There was utter silence for a good ten minutes after I finished reading. I had snapped back to reality after my uncle had tapped me on the shoulder and asked if I had finished talking. "Hey…you still there?"
"Yeah."
"That was…."
"Yeah. I know." I had looked at the rotary phone quietly, absorbing the last words in.
"………Do you think I'll get copyrighted if I post this as fanfiction?" I could feel the tension evaporating from the atmosphere as she laughed and yelled my name in an exasperated tone of voice. "I mean come on! Think of the review and hit numbers this thing could get."
"Is that all you can think of right now?"
"What else is there to think of?" I had lied through my teeth and she knew it. We had talked briefly about our own experiences after that, I about deerstalking and she about watching a Opera Concert. After setting the phone down I had looked up into the eyes of my uncle and smiled sheepishly at his frown.

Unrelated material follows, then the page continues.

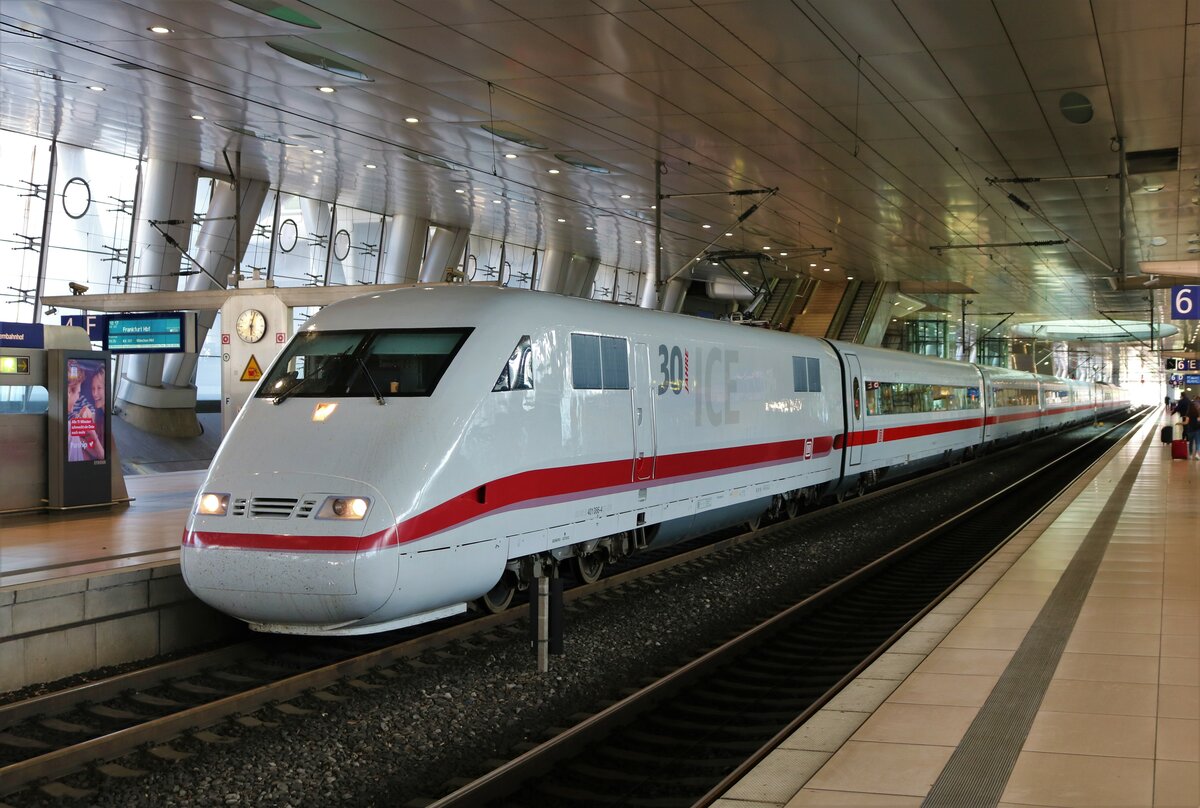 412 041 ff. "Baden-Württemberg" als ICE 592 München-Leipzig am 02.07.2021 am Eszetsteg in Stuttgart.

"That was quite a long talk there. Two hours on the phone? Is this why you're staying away from your family, for two hours on the phone?"
"Sorry… I won't talk any longer. Two Hours max. " He chuckled at my response then walked away muttering about teenagers and love stories. He had eavesdropped on my journal reading. I blushed faintly, then retreated back into my room, holding the book close to my hand.
I had (with help from my uncle) changed the attic into a haven. I had various game machines and a TV scattered across the room. A large sofa-bed, and a fireplace. There was one window, and a section of a side of the wall was like a garage door, for the summer. It was nice and warm and comfy and it wasn't uncommon to hear animal life outside the garage door; fox or deer that came to share the warmth radiating from my walls.
The last entry had been a disturbing one. In a way, I was now venturing farther and farther away from reading a piece of historical biography and instead a fanfiction written a long time ago. Now, even doubting if this even happened, and that my ancestor had the time to write this 'fanfiction' during her spare time in a really interesting way.
Nevertheless, I patiently waited til the New Year, when I would be spending my time quietly reading the diary in Nagano on the sofa-bed, with my friend who had agreed to come to Nagano with me to experience the snow.
…
Author's Notes
I don't have much to write after being thoroughly pooped by this chapter. It's passing by rather quickly, quicker then I thought so I have to stop and think for a while about it.
The Main Character's name and the friend's name will be revealed somewhat later on in the story. As well as the name of the woman who wrote the diary.